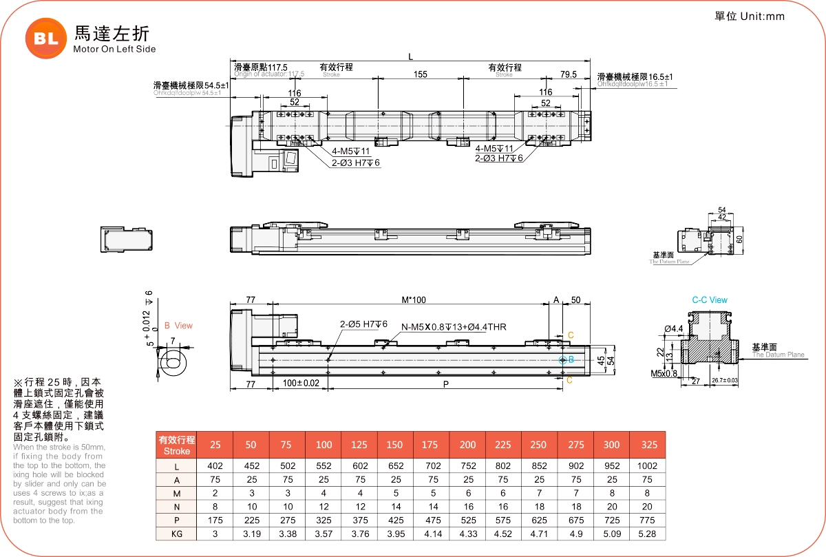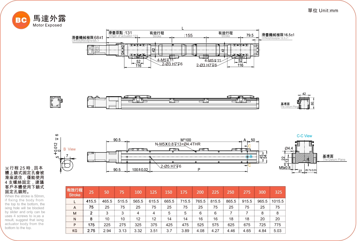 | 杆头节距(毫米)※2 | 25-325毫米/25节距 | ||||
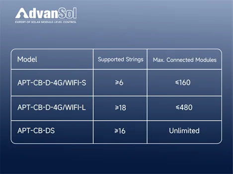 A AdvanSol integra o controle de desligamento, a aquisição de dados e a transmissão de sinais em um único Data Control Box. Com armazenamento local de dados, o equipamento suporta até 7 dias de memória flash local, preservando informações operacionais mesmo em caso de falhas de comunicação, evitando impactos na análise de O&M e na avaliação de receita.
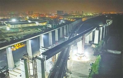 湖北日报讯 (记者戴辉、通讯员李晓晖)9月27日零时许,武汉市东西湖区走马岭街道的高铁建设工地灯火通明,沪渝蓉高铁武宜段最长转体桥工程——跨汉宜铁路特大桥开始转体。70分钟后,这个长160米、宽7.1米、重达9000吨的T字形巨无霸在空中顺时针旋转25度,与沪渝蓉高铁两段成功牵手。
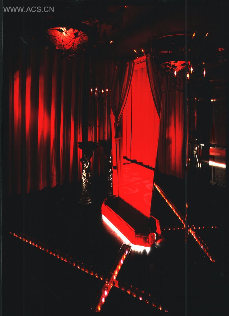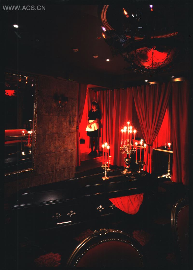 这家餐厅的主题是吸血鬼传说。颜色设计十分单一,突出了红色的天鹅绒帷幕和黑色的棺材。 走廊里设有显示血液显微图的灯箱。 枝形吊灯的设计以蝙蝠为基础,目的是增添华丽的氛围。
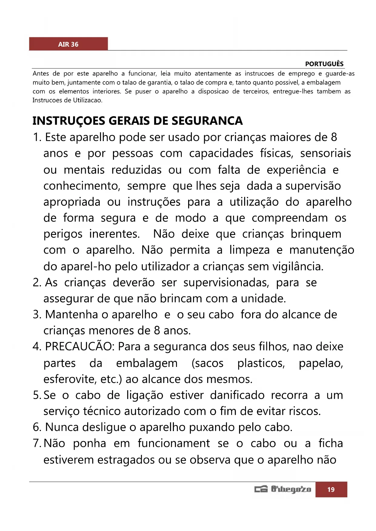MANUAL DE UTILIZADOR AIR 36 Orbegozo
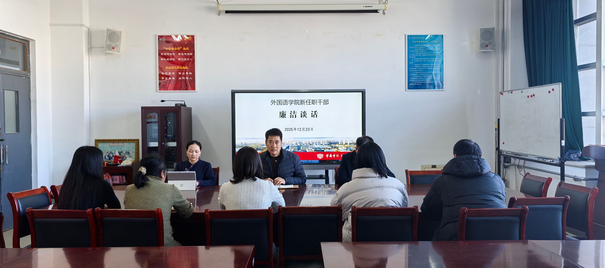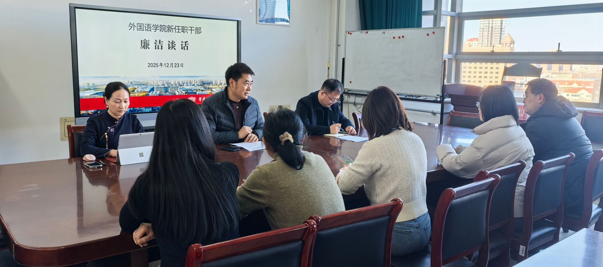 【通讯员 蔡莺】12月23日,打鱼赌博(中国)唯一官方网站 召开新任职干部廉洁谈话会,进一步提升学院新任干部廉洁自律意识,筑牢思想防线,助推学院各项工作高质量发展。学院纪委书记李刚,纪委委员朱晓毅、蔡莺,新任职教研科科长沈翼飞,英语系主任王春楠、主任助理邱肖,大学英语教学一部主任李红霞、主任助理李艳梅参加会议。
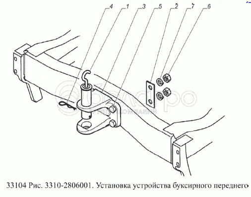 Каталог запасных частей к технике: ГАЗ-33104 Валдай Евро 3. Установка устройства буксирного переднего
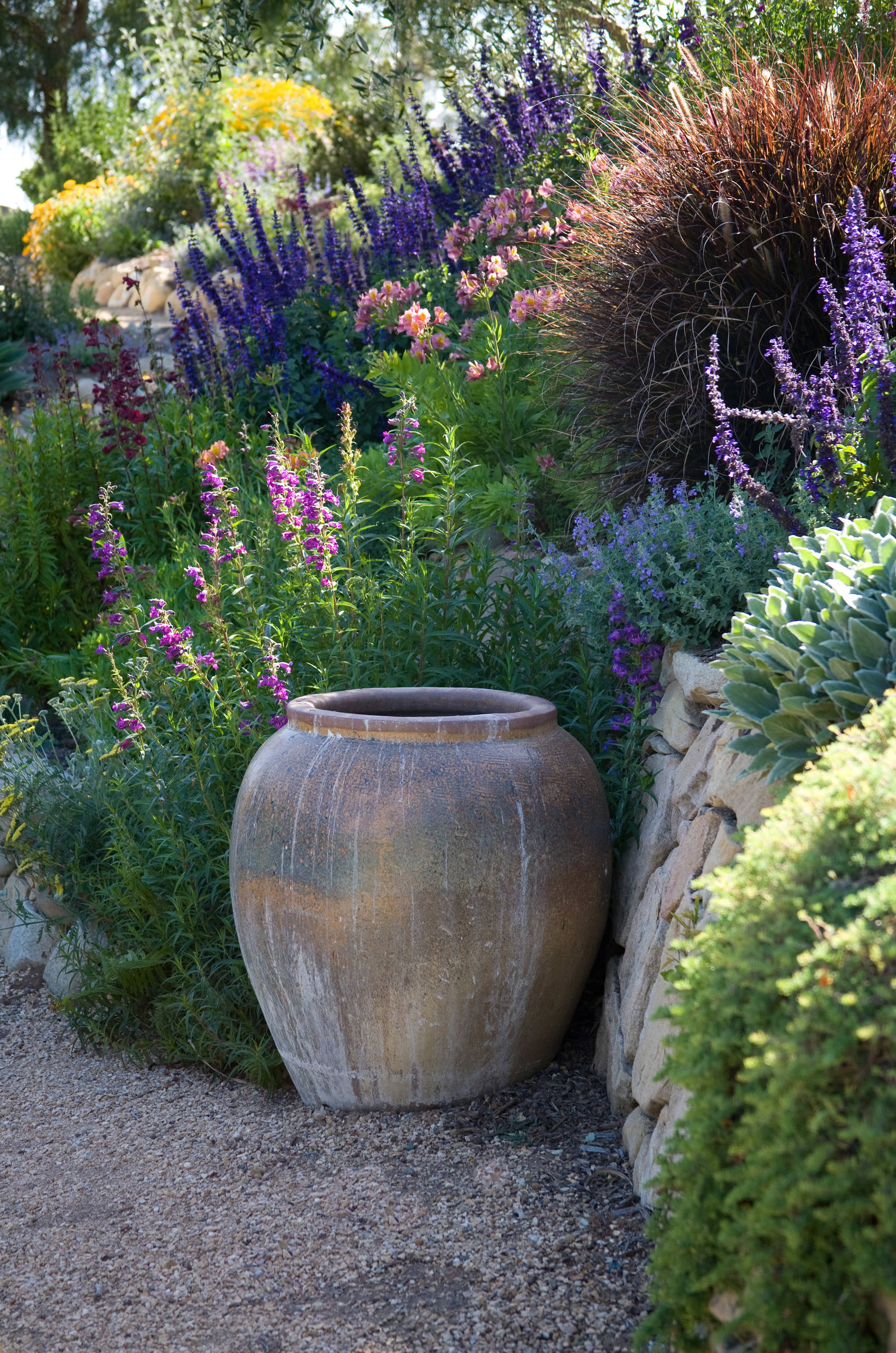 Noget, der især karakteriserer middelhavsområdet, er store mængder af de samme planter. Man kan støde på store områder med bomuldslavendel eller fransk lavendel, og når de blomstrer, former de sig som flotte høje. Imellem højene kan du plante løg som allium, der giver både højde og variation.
* * *
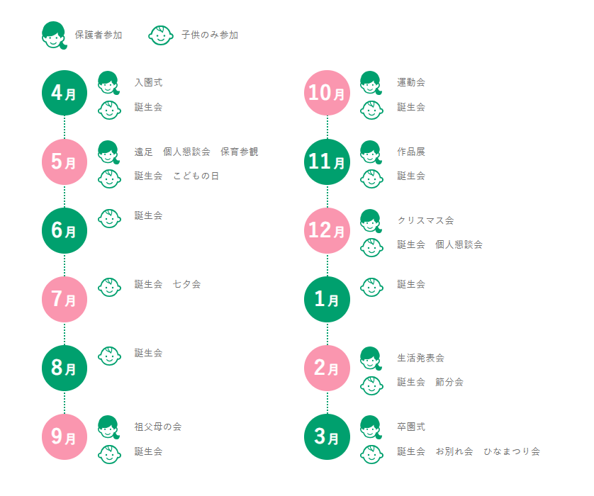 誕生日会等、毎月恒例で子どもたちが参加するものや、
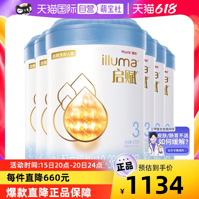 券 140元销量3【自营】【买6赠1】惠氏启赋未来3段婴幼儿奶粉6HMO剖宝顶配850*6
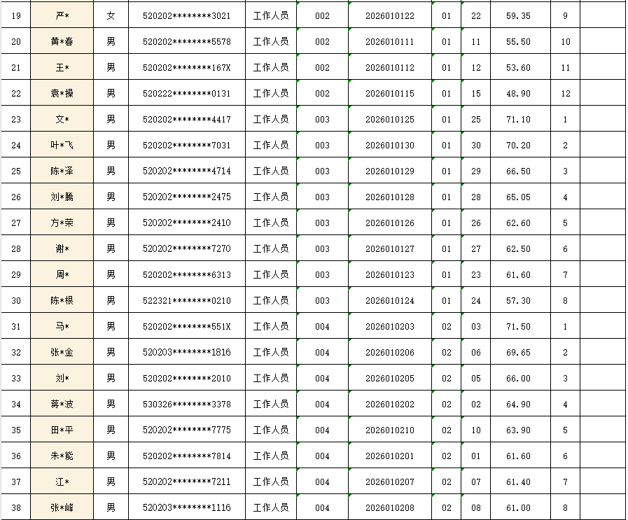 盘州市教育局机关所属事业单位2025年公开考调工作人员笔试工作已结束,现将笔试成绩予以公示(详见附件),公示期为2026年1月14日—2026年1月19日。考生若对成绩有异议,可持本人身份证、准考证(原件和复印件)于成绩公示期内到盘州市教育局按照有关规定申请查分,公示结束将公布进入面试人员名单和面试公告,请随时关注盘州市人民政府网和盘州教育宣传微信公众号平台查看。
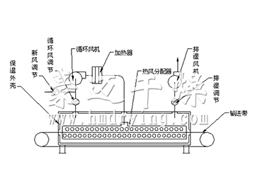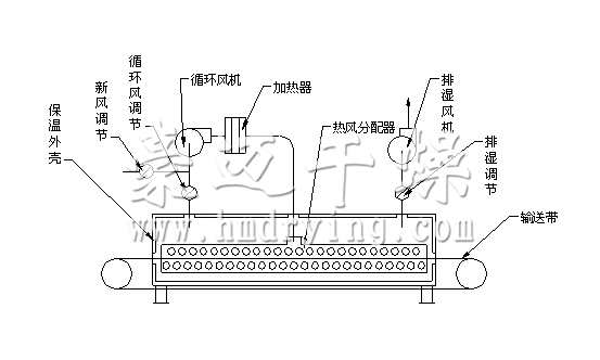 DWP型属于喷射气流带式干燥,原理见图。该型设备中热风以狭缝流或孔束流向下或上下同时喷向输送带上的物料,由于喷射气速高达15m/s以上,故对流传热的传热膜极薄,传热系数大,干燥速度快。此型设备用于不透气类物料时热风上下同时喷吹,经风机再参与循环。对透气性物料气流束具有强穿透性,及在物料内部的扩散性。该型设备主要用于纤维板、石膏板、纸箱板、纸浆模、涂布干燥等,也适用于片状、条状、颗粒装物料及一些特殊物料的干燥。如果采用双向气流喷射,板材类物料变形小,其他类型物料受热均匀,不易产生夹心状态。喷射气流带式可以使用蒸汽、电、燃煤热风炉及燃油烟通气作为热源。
* * *
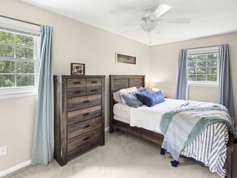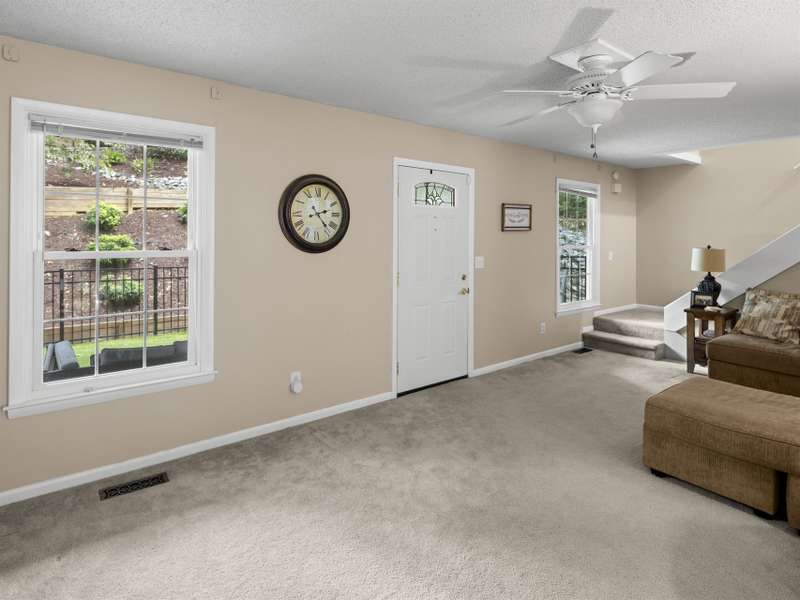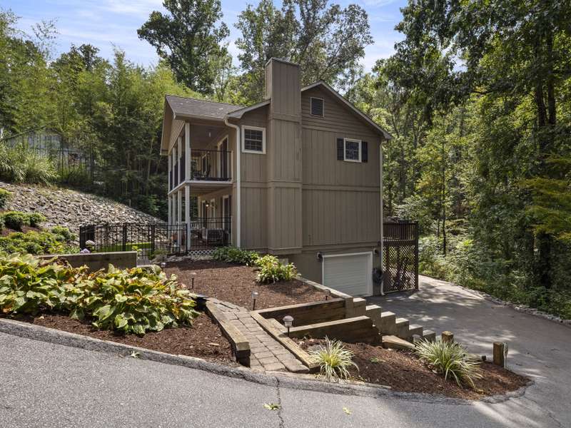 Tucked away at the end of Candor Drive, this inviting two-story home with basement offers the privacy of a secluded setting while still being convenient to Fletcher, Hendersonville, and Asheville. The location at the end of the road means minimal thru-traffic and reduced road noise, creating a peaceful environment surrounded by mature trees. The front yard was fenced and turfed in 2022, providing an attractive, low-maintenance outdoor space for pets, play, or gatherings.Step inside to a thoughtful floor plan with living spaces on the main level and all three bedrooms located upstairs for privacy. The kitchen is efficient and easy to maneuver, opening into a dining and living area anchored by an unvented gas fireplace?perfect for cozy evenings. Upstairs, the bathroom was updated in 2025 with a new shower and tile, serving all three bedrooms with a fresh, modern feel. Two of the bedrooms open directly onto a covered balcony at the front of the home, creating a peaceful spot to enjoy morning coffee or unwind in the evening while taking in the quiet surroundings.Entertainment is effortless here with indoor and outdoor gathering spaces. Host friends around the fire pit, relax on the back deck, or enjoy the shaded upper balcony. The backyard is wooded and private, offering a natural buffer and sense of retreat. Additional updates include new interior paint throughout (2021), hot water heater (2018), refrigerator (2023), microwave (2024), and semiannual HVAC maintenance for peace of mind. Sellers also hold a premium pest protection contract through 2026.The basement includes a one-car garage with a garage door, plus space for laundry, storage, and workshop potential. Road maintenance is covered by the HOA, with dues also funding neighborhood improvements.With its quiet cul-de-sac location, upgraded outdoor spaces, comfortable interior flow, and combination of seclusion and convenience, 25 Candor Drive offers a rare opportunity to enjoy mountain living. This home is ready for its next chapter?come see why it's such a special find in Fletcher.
* * *
The task: Copy out exactly the material that runs from the line with "券 140元销量3【自营】【" to the line with "DWP型属于喷射气流带式干燥", ends included, and leave the pictures behind.

Answer box:
 券 140元销量3【自营】【买6赠1】惠氏启赋未来3段婴幼儿奶粉6HMO剖宝顶配850*6
 盘州市教育局机关所属事业单位2025年公开考调工作人员笔试工作已结束,现将笔试成绩予以公示(详见附件),公示期为2026年1月14日—2026年1月19日。考生若对成绩有异议,可持本人身份证、准考证(原件和复印件)于成绩公示期内到盘州市教育局按照有关规定申请查分,公示结束将公布进入面试人员名单和面试公告,请随时关注盘州市人民政府网和盘州教育宣传微信公众号平台查看。
 DWP型属于喷射气流带式干燥,原理见图。该型设备中热风以狭缝流或孔束流向下或上下同时喷向输送带上的物料,由于喷射气速高达15m/s以上,故对流传热的传热膜极薄,传热系数大,干燥速度快。此型设备用于不透气类物料时热风上下同时喷吹,经风机再参与循环。对透气性物料气流束具有强穿透性,及在物料内部的扩散性。该型设备主要用于纤维板、石膏板、纸箱板、纸浆模、涂布干燥等,也适用于片状、条状、颗粒装物料及一些特殊物料的干燥。如果采用双向气流喷射,板材类物料变形小,其他类型物料受热均匀,不易产生夹心状态。喷射气流带式可以使用蒸汽、电、燃煤热风炉及燃油烟通气作为热源。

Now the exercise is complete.